◆ Description of the task ◆
Using the records that follow, reproduce exactly the lines starting at the line containing "- ✔ UPGRADED" and ending at the line containing "Tidak ada paksaan". Include both end lines and no pictures.

--- Supplied records Enclosed Below ---

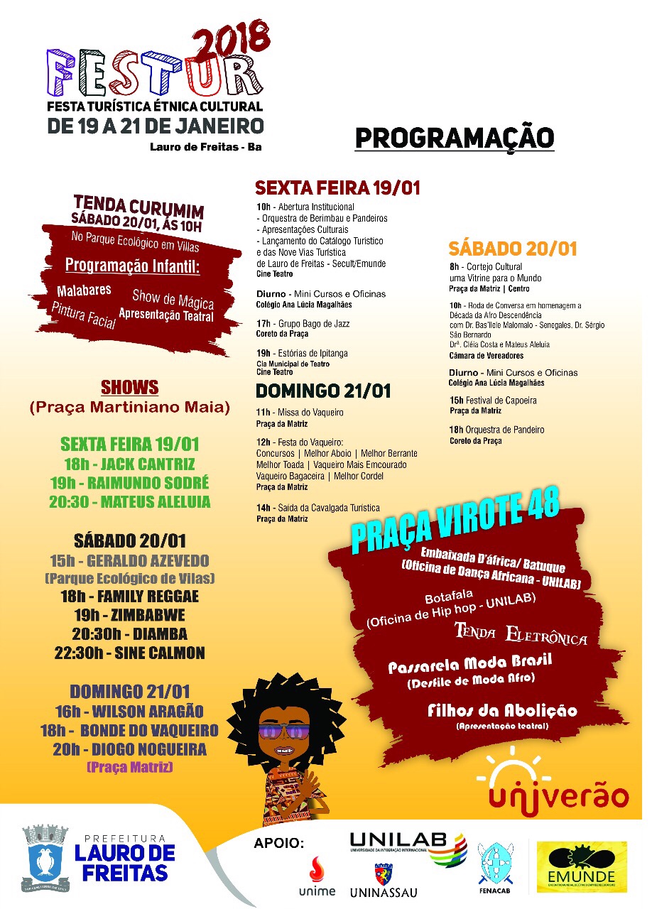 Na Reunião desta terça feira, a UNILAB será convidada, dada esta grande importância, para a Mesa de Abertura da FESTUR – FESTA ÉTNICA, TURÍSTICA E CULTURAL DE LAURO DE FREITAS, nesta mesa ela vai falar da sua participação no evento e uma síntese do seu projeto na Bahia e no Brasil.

--- End of Enclosed Supplied records ---
--- Supplied records Enclosed Below ---

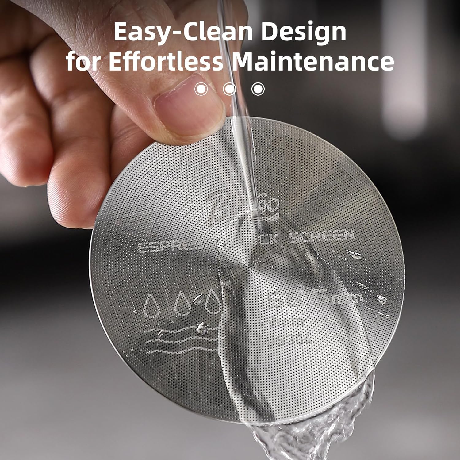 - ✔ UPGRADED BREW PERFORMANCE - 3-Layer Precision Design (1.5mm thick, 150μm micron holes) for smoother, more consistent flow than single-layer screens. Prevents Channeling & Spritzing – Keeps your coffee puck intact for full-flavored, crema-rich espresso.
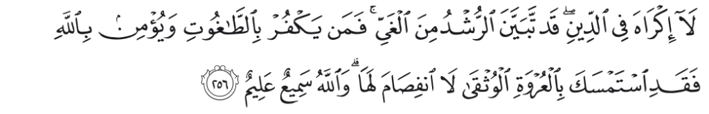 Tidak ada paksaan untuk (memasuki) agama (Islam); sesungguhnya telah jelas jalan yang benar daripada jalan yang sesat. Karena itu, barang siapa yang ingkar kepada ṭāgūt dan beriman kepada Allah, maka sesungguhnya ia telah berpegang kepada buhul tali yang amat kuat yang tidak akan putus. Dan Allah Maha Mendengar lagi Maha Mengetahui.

--- End of Enclosed Supplied records ---
--- Supplied records Enclosed Below ---

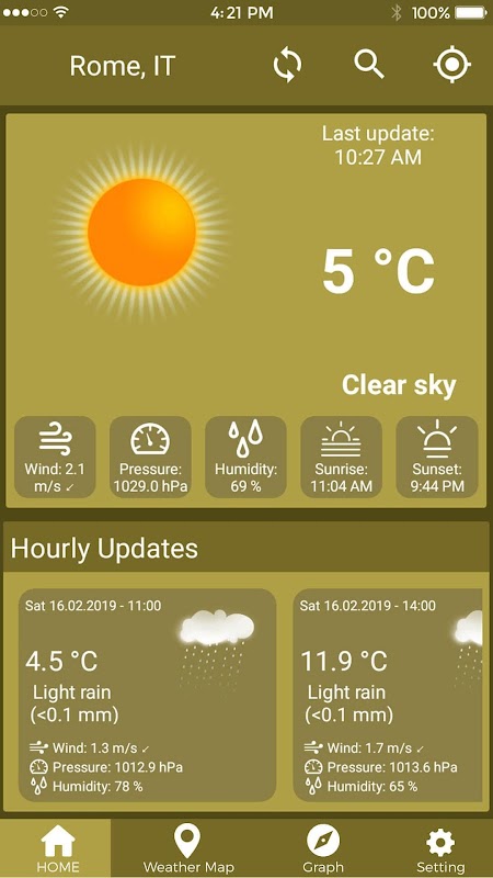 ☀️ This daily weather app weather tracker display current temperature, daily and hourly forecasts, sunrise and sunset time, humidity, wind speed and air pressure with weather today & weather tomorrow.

--- End of Enclosed Supplied records ---

◆ Solution to this problem ◆
 - ✔ UPGRADED BREW PERFORMANCE - 3-Layer Precision Design (1.5mm thick, 150μm micron holes) for smoother, more consistent flow than single-layer screens. Prevents Channeling & Spritzing – Keeps your coffee puck intact for full-flavored, crema-rich espresso.
 Tidak ada paksaan untuk (memasuki) agama (Islam); sesungguhnya telah jelas jalan yang benar daripada jalan yang sesat. Karena itu, barang siapa yang ingkar kepada ṭāgūt dan beriman kepada Allah, maka sesungguhnya ia telah berpegang kepada buhul tali yang amat kuat yang tidak akan putus. Dan Allah Maha Mendengar lagi Maha Mengetahui.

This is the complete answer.